--- Supplied entries ---
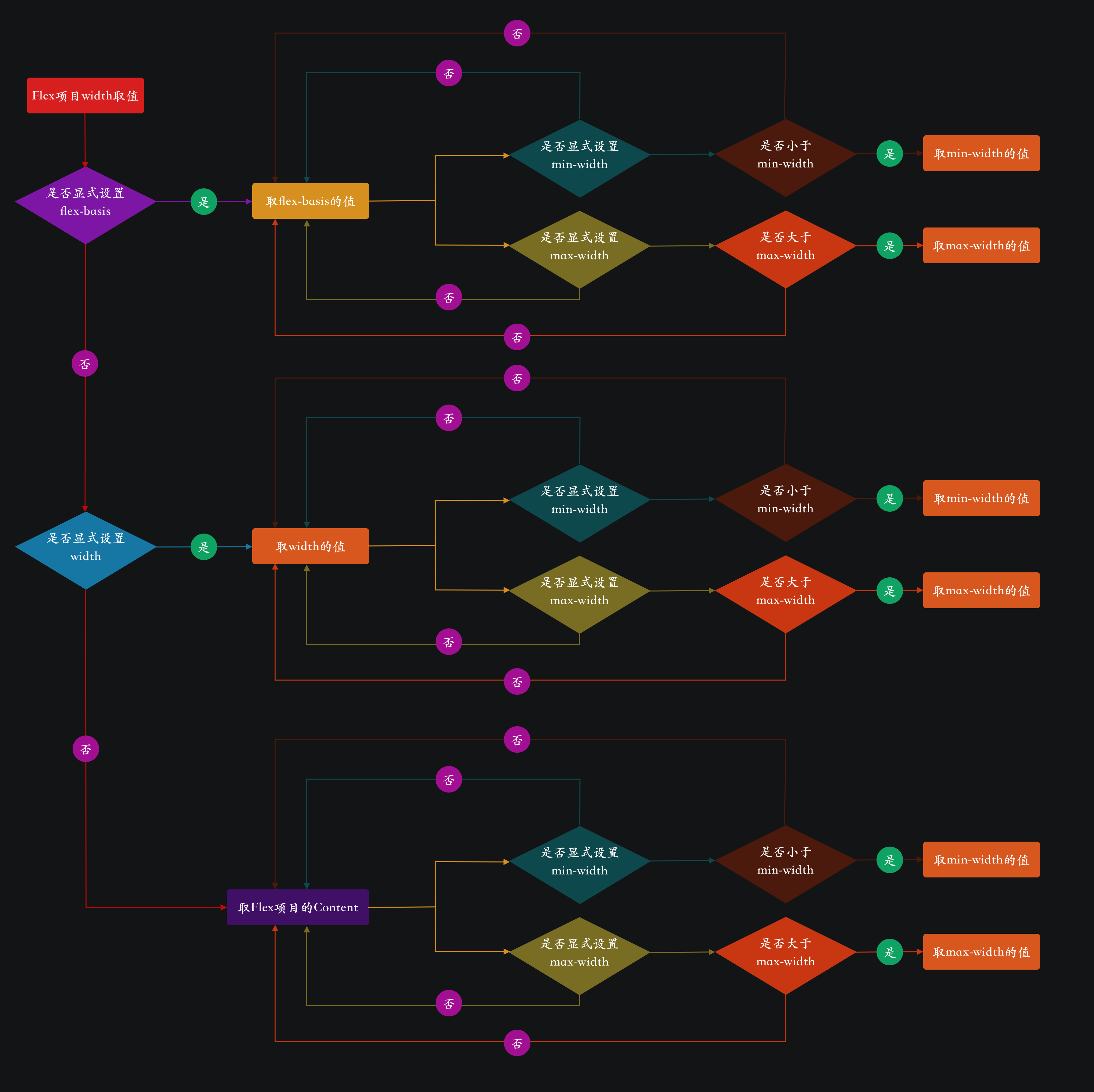如果 Flex 项目同时出现 width 、flex-basis 、min-width 和 max-width 时,会在上面的规则上增加新的一条规则来进行判断:
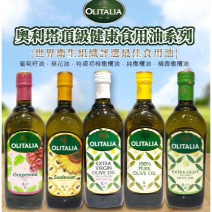 奧利塔 純橄欖油/頂級葵花油/葡萄籽油/特級初榨橄欖油/玄米油/精緻橄欖油1L
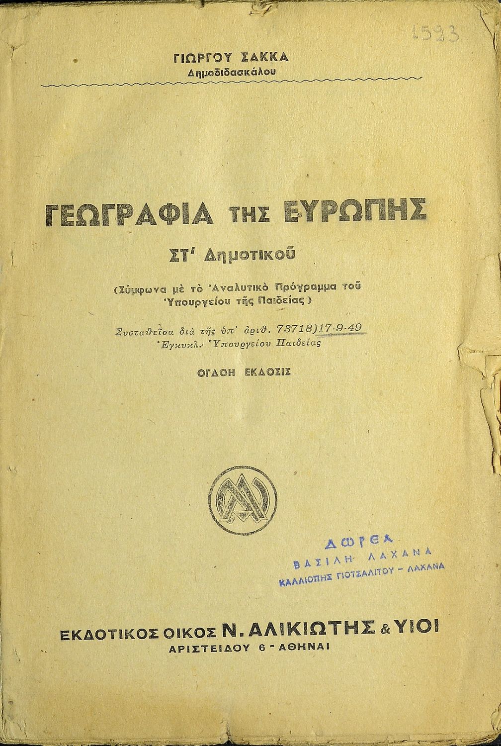 Εκδότης: Εκδόσεις Ατλαντίς Έτος έκδοσης: 1949 Τόπος έκδοσης: Αθήνα Έκδοση: 8η Υπουργική απόφαση / Σύμβαση: 73718/17-9-1949 Έτος έγκρισης: 1949 |
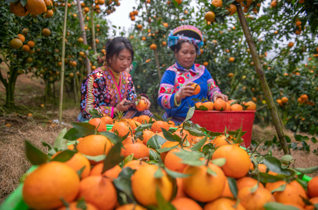 In Longcun village of Maguan county, southeast Yunnan’s Wenshan Zhuang and Miao autonomous prefecture, farmers are busy harvesting oranges.
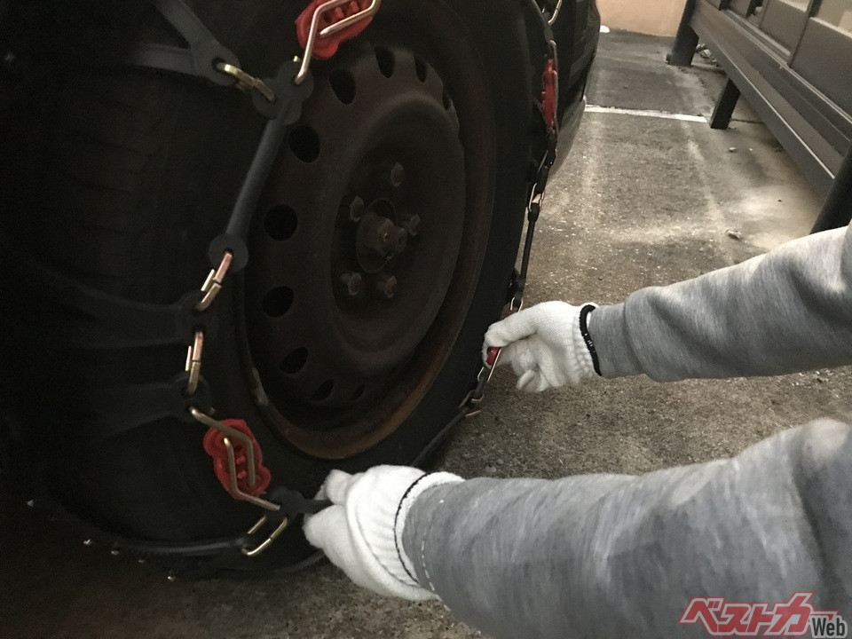 そして、タイヤチェーン購入後は一度商品を取り出し、装着の予習をしておくこともお薦めする。本当にタイヤチェーンが必要な時は、大抵が薄暗い中で寒さに手がかじかんだ状態で取り付けることになる。
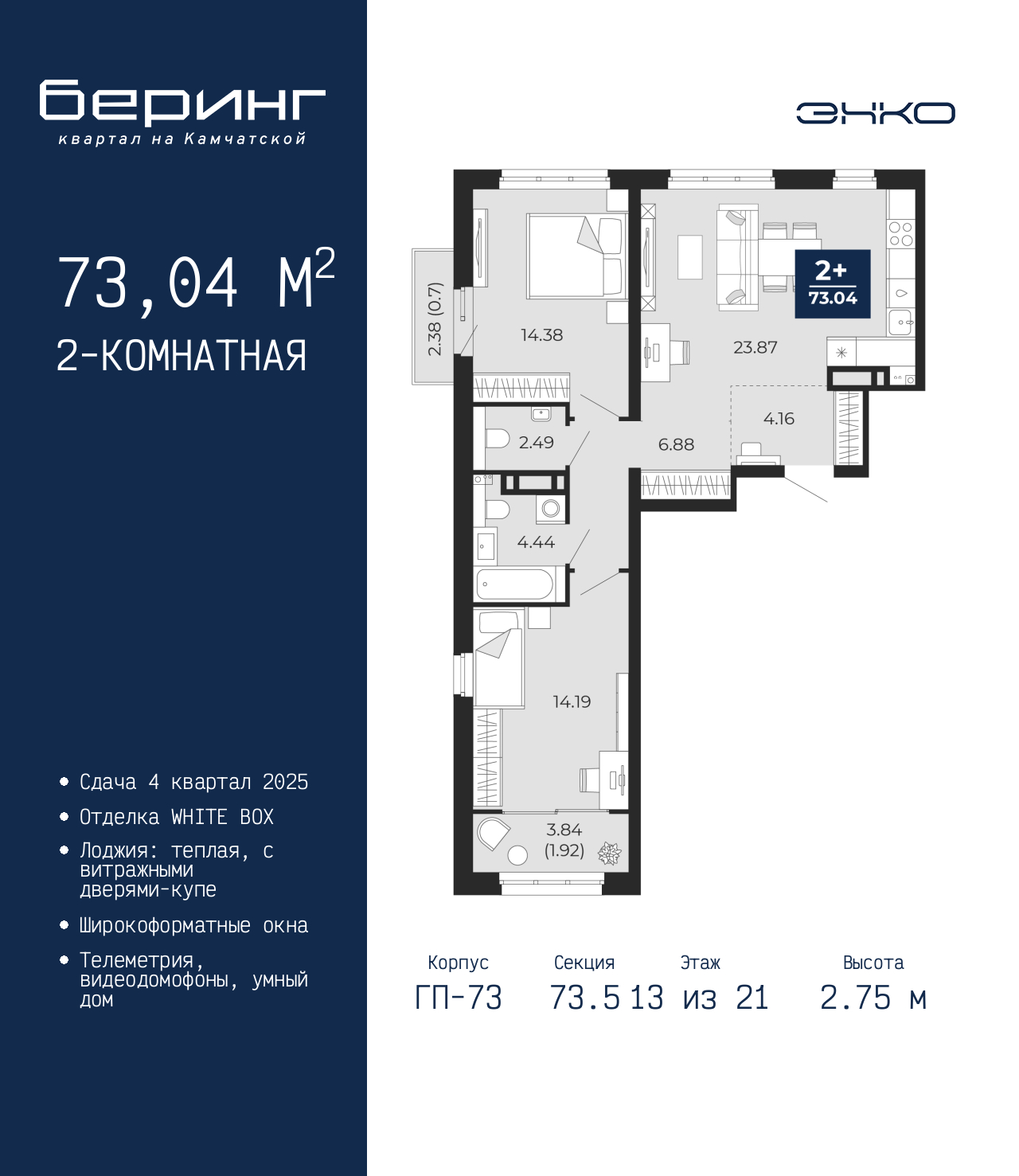 - Общая площадь 73.04 м²
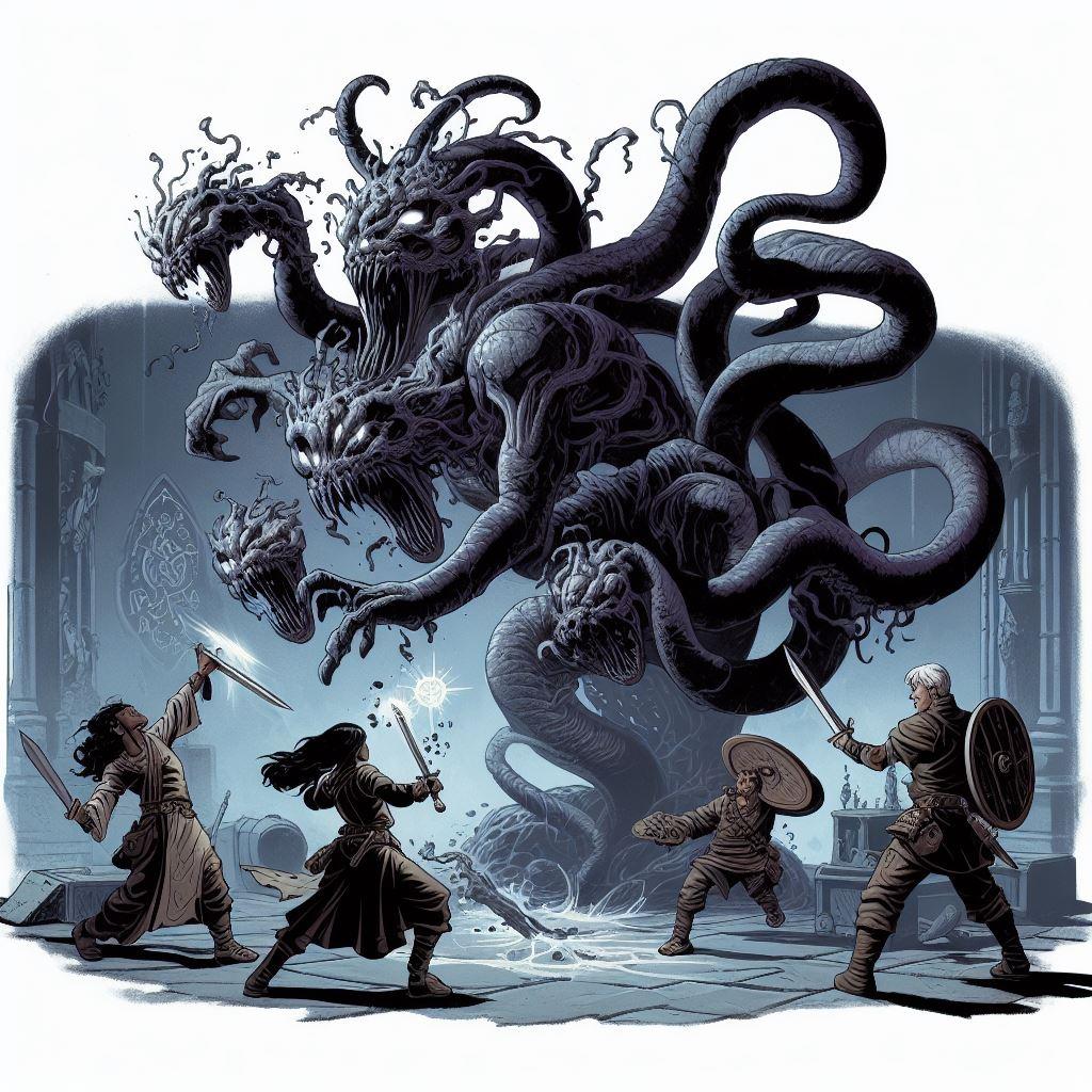 As you step into the heart of the temple, the ambient shadows begin to churn and coalesce, drawn from the very stones and shadows of the chamber towards a singular point in the chamber's center What once was dispersed darkness starts to rise, amassing into a towering and formidable form a swirling mass of darkness and fury, intent on consuming all that stands before it.. From its central mass, several swirling, head-like appendages emerge, each one seeming to scan the room with an otherworldly intent.

--- Exercise description ---
Starting at the first line of the records above, set down each line exactly through the one that holds "Εκδότης: Εκδόσεις Ατλαντίς". Omit pictures.

--- Your solution ---
如果 Flex 项目同时出现 width 、flex-basis 、min-width 和 max-width 时,会在上面的规则上增加新的一条规则来进行判断:
 奧利塔 純橄欖油/頂級葵花油/葡萄籽油/特級初榨橄欖油/玄米油/精緻橄欖油1L
 Εκδότης: Εκδόσεις Ατλαντίς Έτος έκδοσης: 1949 Τόπος έκδοσης: Αθήνα Έκδοση: 8η Υπουργική απόφαση / Σύμβαση: 73718/17-9-1949 Έτος έγκρισης: 1949 |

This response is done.